她手指握緊了手機,嘴角不自覺地揚起,可這份高漲的歡喜還沒維持幾秒,祁伽延下一句話就傳了過來。
“我還約了姚晨朗,到時候我們來接你。”
溫念初心頭的期待被澆滅,好嘛,原來不是單獨約她。
是她私心作祟,自作多情想多了。
不過再想想,哪怕不是二人獨處也沒有關係,分開了兩個多月,能見他一面,聊上幾句,對她而言已經足夠。
傍晚,溫念初提前收拾好了東西下班。
平日裏,她總是加班到最晚的那一個,今天難得準點下班,江路都忍不住調侃:“怎麼?太陽從西邊出來了?”
“今晚約了朋友喫飯。”
江路往大門口掃了一眼:“男朋友?”
溫念初抬眸,這纔看到,祁伽延不知道什麼時候已經來了。
他穿着深灰色的飛行夾克,身姿挺拔,就那麼隨意地站在車邊,周遭往來下班的行人,都忍不住下意識朝他側目。

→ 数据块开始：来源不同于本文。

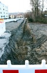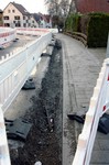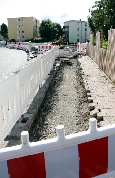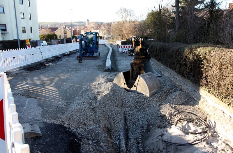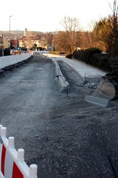 Im 6. Bauabschnitt geht es verhalten weiter. Seitlich wurde ein Graben ausgehoben. Dort werden wohl Leerrohre unterhalb des künftigen Gehwegpflasters verlegt. Im Bereich
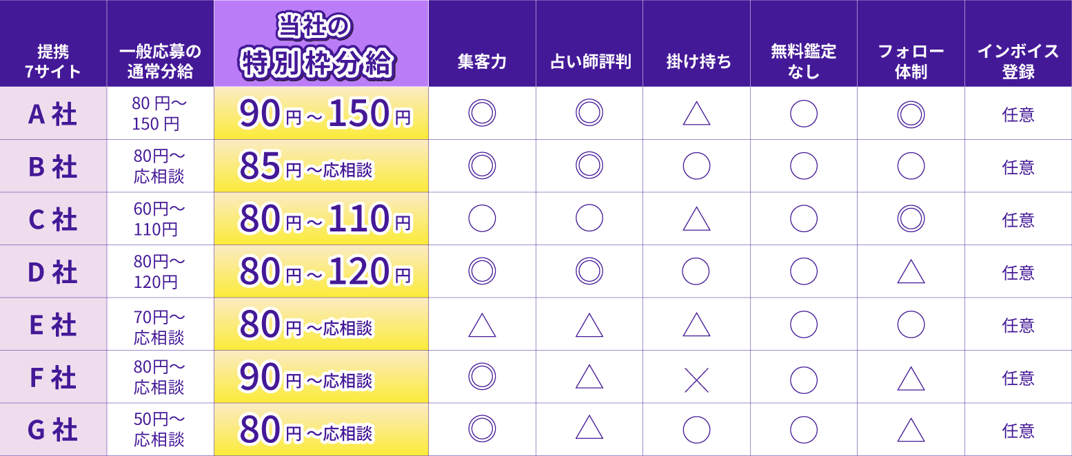 提携7社の比較一覧

“好帥啊。”江路看着祁伽延,莫名評論一句:“這絕對是真男人。”
“還有什麼是假男人不成?”
“娘裏娘氣的男人多的是,但這個一眼望過去就很硬朗。”江路朝溫念初豎了豎大拇指:“眼光不錯。”
溫念初笑起來。
眼光不錯說得沒錯,可惜,只是看上了,還沒得到。
“我先走啦。”她對江路說。
“好,拜拜。”
溫念初快步走到祁伽延的車邊。
祁伽延開一輛銀灰色的奧迪,凌厲的燈組,蜂窩格柵搭配紅卡鉗黑輪轂,將性能與優雅揉碎了融進車身線條,整輛車每一處棱角都透着不一樣的氣場。
“伽延哥,你早就來了嗎?”
“沒有,剛到。”
溫念初朝奧迪的副駕駛座上看了一眼,副駕駛座上空空如也。
“不是說我哥一起嗎?他沒來?”
她祈禱姚晨朗那個電燈泡不要出現,這樣她就能和祁伽延單獨喫飯了。
“你哥臨時有事。”
溫念初一喜:“那隻有我們兩個人嗎?”
“不是,你哥等下直接去餐廳和我們匯合。”
好吧。
大起大落。
祁伽延並不知道溫念初心裏的小九九,很紳士地走到車邊,替她拉開了副駕駛座的車門:“上車吧。”
“好。”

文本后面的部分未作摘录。